Many breweries find themselves making decisions on the fly and only reacting to what is in front of them. It can be difficult to balance all of your wants, needs, and desires with your budget and within the necessary timeframe. Designing an expansion for your brewery is an intricate recipe that requires a balance between big dreams, function, time, and money. Poorly executed planning makes great business plans and good breweries fail.

So what can you do?

Know Before You Grow

A major milestone you will need to establish is to develop your list of wants and needs. A critical component to keep in mind is that you are going to continue to grow, and you don’t want to paint yourself into a corner and prevent on-site growth.
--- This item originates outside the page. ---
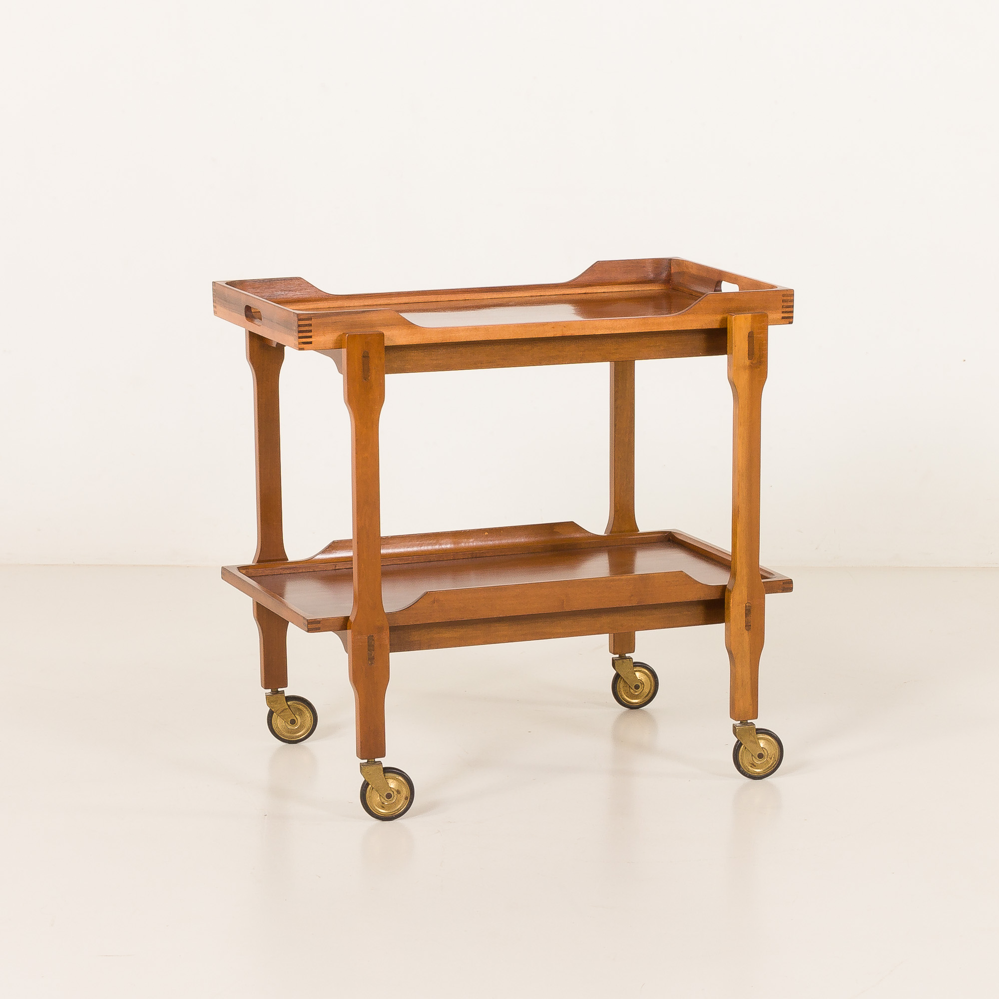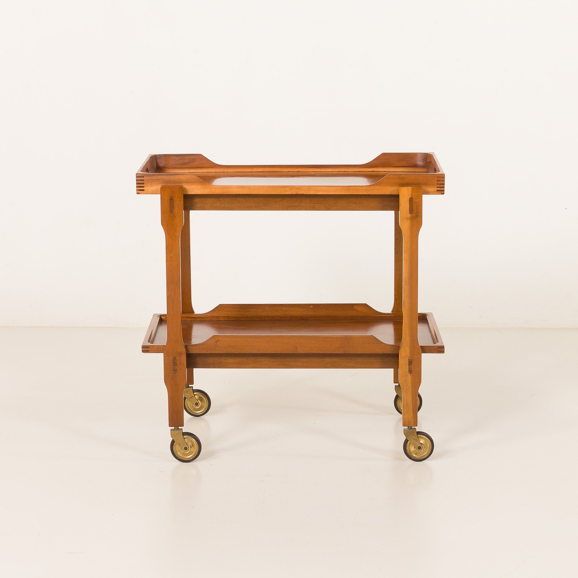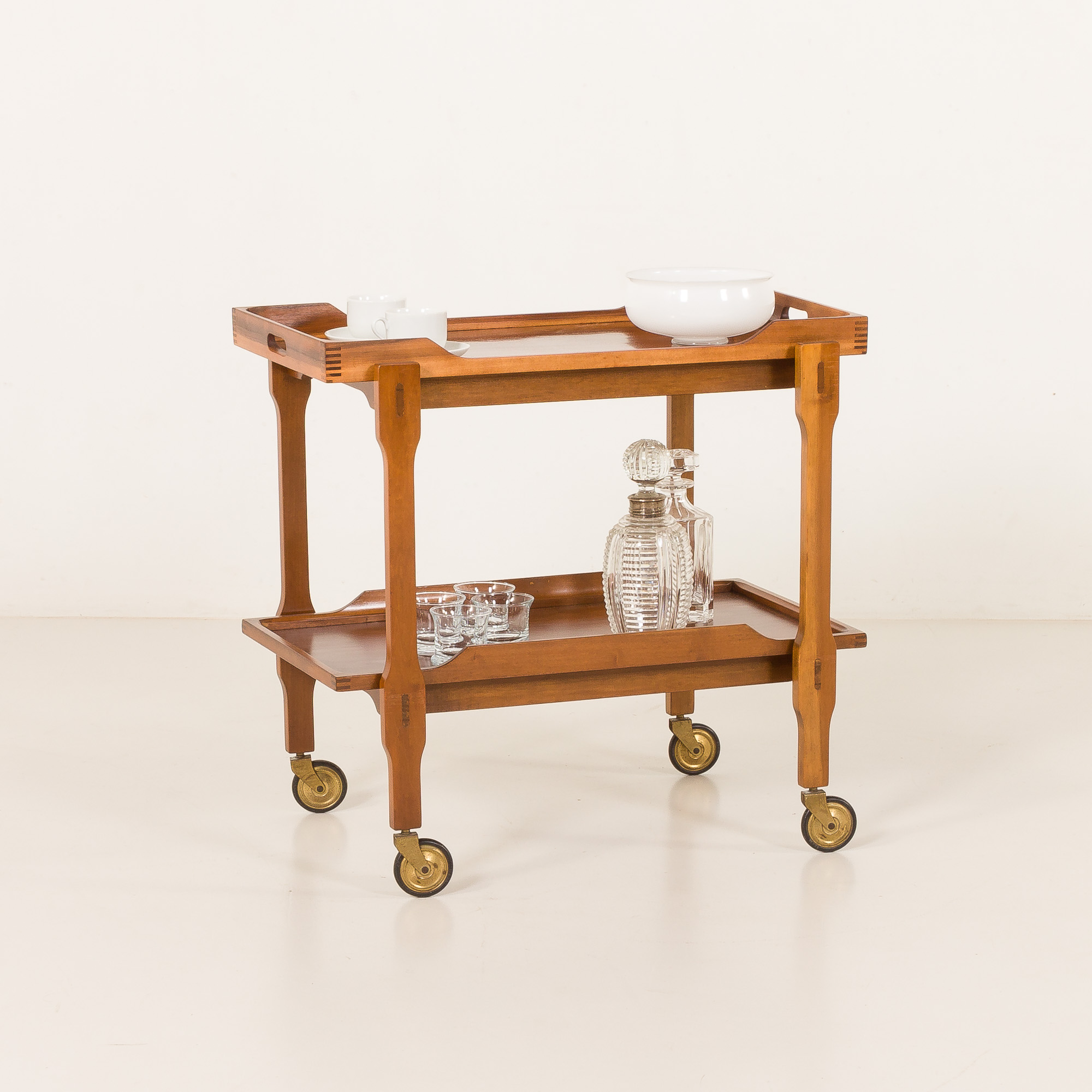 Elegancki włoski wózek barowy mid-century, wykonany z litego orzecha, pochodzi z końca lat 60. lub z lat 70. XX wieku.

As part of your planning, develop a master plan that aligns with your business plan for the next 5-10 years. Are you going to add additional cellar space? Think you’ll update your brewhouse and reduce brew days? By developing a master plan, you create a tangible vision and road map you can use to monitor and tackle achievable benchmarks.

Determine Budget and Timeline

After you develop your master plan, it’s time to evaluate your budget and timeline. If you aren’t in the position to knock out the entire expansion in one construction phase, consider breaking it down into manageable phases. People are excited about growth. Every introduction of something new is another opportunity to reignite your current crowd and attract new customers. Focus on the main revenue-generating areas of the business first, then add on from there. This approach helps to reduce the amount of financing you may need by allowing your business to cash fund itself.

Surround Yourself with an Experienced Team

Owners and brewers that accomplish the above points successfully surround themselves with an experienced team that understands your business and industry. It can seem obvious in hindsight for those that have already gone through the process of expansion, but for those that haven’t, equate it to making the decision to hire a team member with experience brewing beer vs. someone who just enjoys drinking beer—it isn’t exactly an equal prospect. The same principle applies to selecting team members like your architect, contractor, financial lender, and even equipment vendors. By building up a team of specialists, you bypass the frustrations of having to educate them on your craft and instead create a network of consultants that bring their experience and knowledge to the table and combine it with yours. Lining up these team members early is one of the best ways to begin an expansion project on the right track.

By taking the time upfront to plan your next steps, you empower yourself and your team to aggressively overcome each challenge with confidence.